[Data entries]
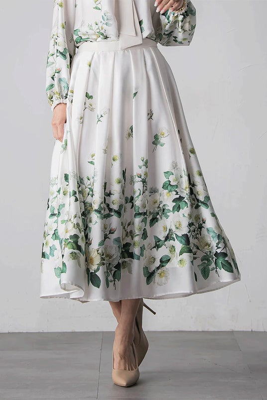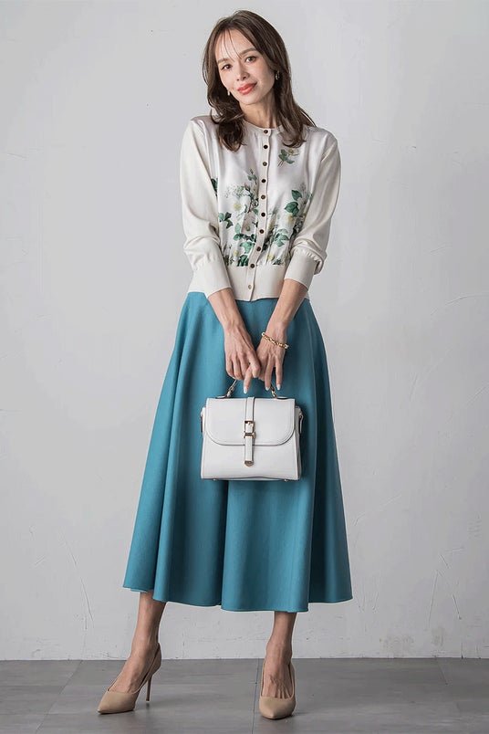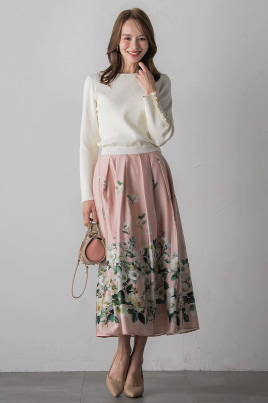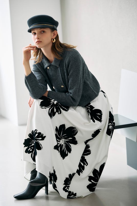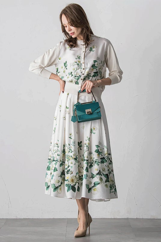 ウエストに無地の配色を施したデザインが、全体を引き締めつつ洗練された印象に。ふんわりと広がるタック入りのフレアシルエットが、動くたびに上品な揺れを生み出します。 裾には華やかに咲き誇るクリスマスローズをあしらい、モチーフはウエストに向かって繊細にフェードアウト。主張しすぎず、かつ目を引くそんな絶妙なバランスで、冬のおしゃれを優雅に彩る一着です。年末年始の特別なお出かけや、品よく華やかさを添えたいシーンにおすすめです。
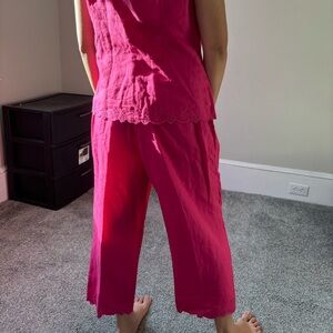 NEW Vintage Y2K Fuchsia Pink linen two-piece set with button-up embroidered top and capri pants - Small
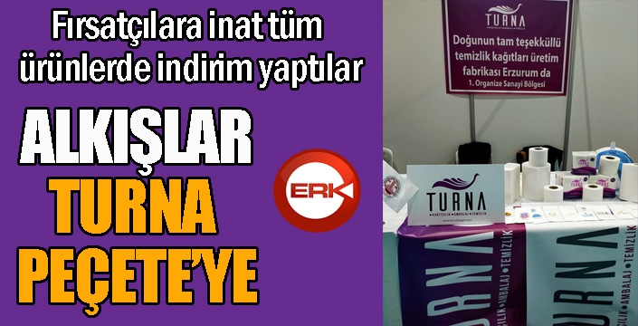İlk resmi koronavirüs vakasının Türkiye’de görüldüğünün açıklanması, fırsatçıları da harekete geçirmiş başta kolonya olmak üzere tüm temizlik malzemelerine astronomik zamlar uygulanmaya başlanmıştı. Erzurum’da temizlik ürünleri üretimi yapan Turna Peçete ise fırsatçılara inat ürünlerinde indirim yapma kararı aldı. Firma yetkilileri ise sosyal medya hesaplarından birlik ve beraberlik mesajları vererek tüm ürünlerde indirime gittiklerini açıkladılar.
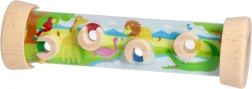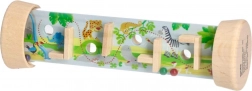 Datorită dimensiunilor compacte (⌀ 4,5 cm × 15,5 cm) este ideal pentru călătorii, săli de așteptare și pentru acasă. Capetele din lemn solide și finisajele de calitate asigură durabilitate și utilizare în siguranță. Designul cu animale sălbatice îi atrage imediat pe cei mici și îi motivează la noi încercări.
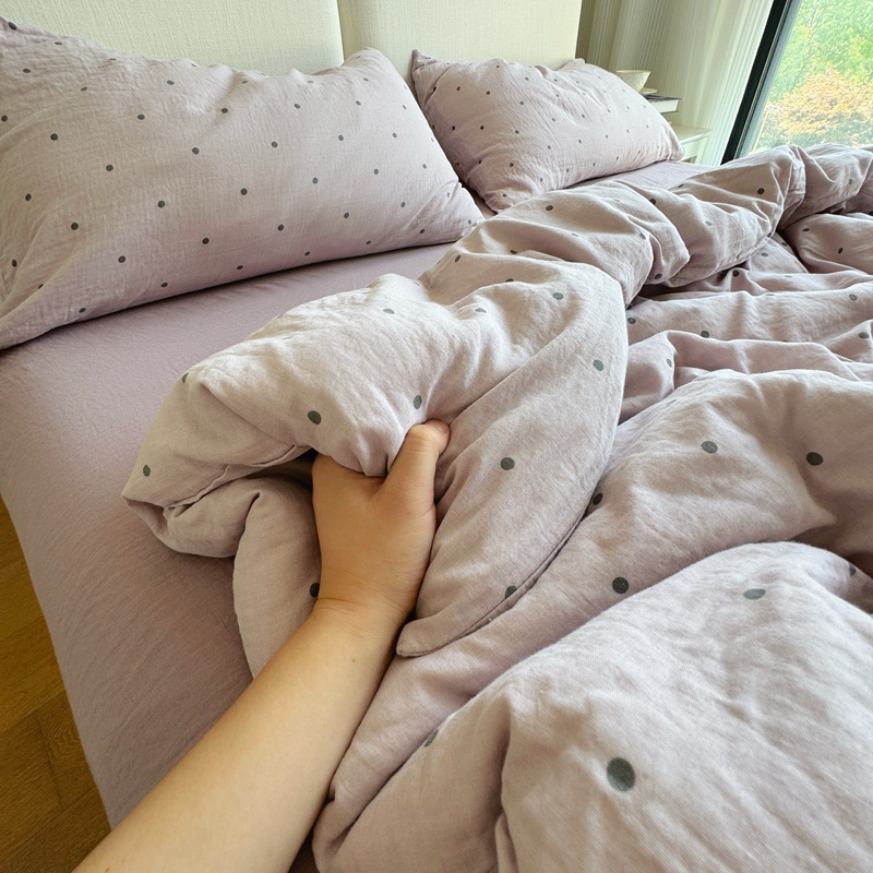 8+8 2025新款全棉A类母婴级抗菌有氧全棉双层纱亲肤全棉小清新印花三件套四件套 简约款-芋泥波波
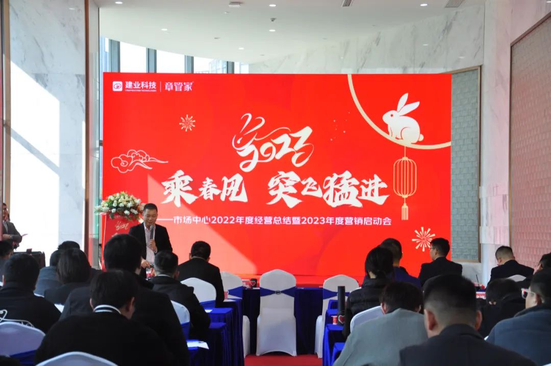 2月18日,建業(yè)科技市場中心年會正式召開。首先,部分區(qū)域合伙人、各部門回顧和總結(jié)了2022年的各項(xiàng)工作。然后由副總經(jīng)理李代偉進(jìn)行整體總結(jié),并從年度經(jīng)營目標(biāo)、市場競爭策略、品牌建設(shè)、重點(diǎn)項(xiàng)目推進(jìn)、培訓(xùn)賦能支持等方面展開了2023年市場經(jīng)營規(guī)劃。
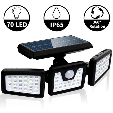 1. Ce puissant projecteur solaire est équipé de 3 têtes de lampe orientées verticalement ou horizontalement, vous permettant d’éclairer indépendamment les entrées, les passages sombres, les cabanes ou les serres de jardin avec 2 angles d’éclairage solaire différents
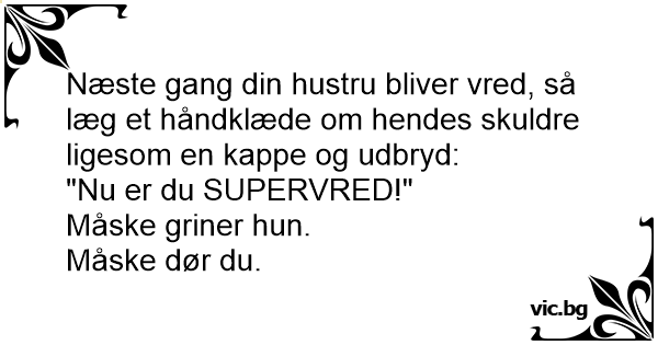 Næste gang din hustru bliver vred, så læg et håndklæde om hendes skuldre ligesom en kappe og udbryd:
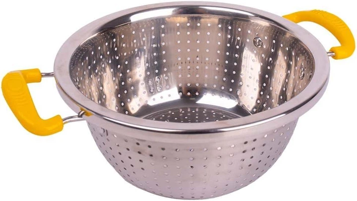 Сито друшляк 22x9.5 см з 2 боковими ручками плоским дном з нержавіючої сталі Жовтий

• _Task to complete_: Hand back the data above exactly, leaving out all pictures.

• _Task result_:
 ウエストに無地の配色を施したデザインが、全体を引き締めつつ洗練された印象に。ふんわりと広がるタック入りのフレアシルエットが、動くたびに上品な揺れを生み出します。 裾には華やかに咲き誇るクリスマスローズをあしらい、モチーフはウエストに向かって繊細にフェードアウト。主張しすぎず、かつ目を引くそんな絶妙なバランスで、冬のおしゃれを優雅に彩る一着です。年末年始の特別なお出かけや、品よく華やかさを添えたいシーンにおすすめです。
 NEW Vintage Y2K Fuchsia Pink linen two-piece set with button-up embroidered top and capri pants - Small
İlk resmi koronavirüs vakasının Türkiye’de görüldüğünün açıklanması, fırsatçıları da harekete geçirmiş başta kolonya olmak üzere tüm temizlik malzemelerine astronomik zamlar uygulanmaya başlanmıştı. Erzurum’da temizlik ürünleri üretimi yapan Turna Peçete ise fırsatçılara inat ürünlerinde indirim yapma kararı aldı. Firma yetkilileri ise sosyal medya hesaplarından birlik ve beraberlik mesajları vererek tüm ürünlerde indirime gittiklerini açıkladılar.
 Datorită dimensiunilor compacte (⌀ 4,5 cm × 15,5 cm) este ideal pentru călătorii, săli de așteptare și pentru acasă. Capetele din lemn solide și finisajele de calitate asigură durabilitate și utilizare în siguranță. Designul cu animale sălbatice îi atrage imediat pe cei mici și îi motivează la noi încercări.
 8+8 2025新款全棉A类母婴级抗菌有氧全棉双层纱亲肤全棉小清新印花三件套四件套 简约款-芋泥波波
 2月18日,建業(yè)科技市場中心年會正式召開。首先,部分區(qū)域合伙人、各部門回顧和總結(jié)了2022年的各項(xiàng)工作。然后由副總經(jīng)理李代偉進(jìn)行整體總結(jié),并從年度經(jīng)營目標(biāo)、市場競爭策略、品牌建設(shè)、重點(diǎn)項(xiàng)目推進(jìn)、培訓(xùn)賦能支持等方面展開了2023年市場經(jīng)營規(guī)劃。
 1. Ce puissant projecteur solaire est équipé de 3 têtes de lampe orientées verticalement ou horizontalement, vous permettant d’éclairer indépendamment les entrées, les passages sombres, les cabanes ou les serres de jardin avec 2 angles d’éclairage solaire différents
 Næste gang din hustru bliver vred, så læg et håndklæde om hendes skuldre ligesom en kappe og udbryd:
 Сито друшляк 22x9.5 см з 2 боковими ручками плоским дном з нержавіючої сталі Жовтий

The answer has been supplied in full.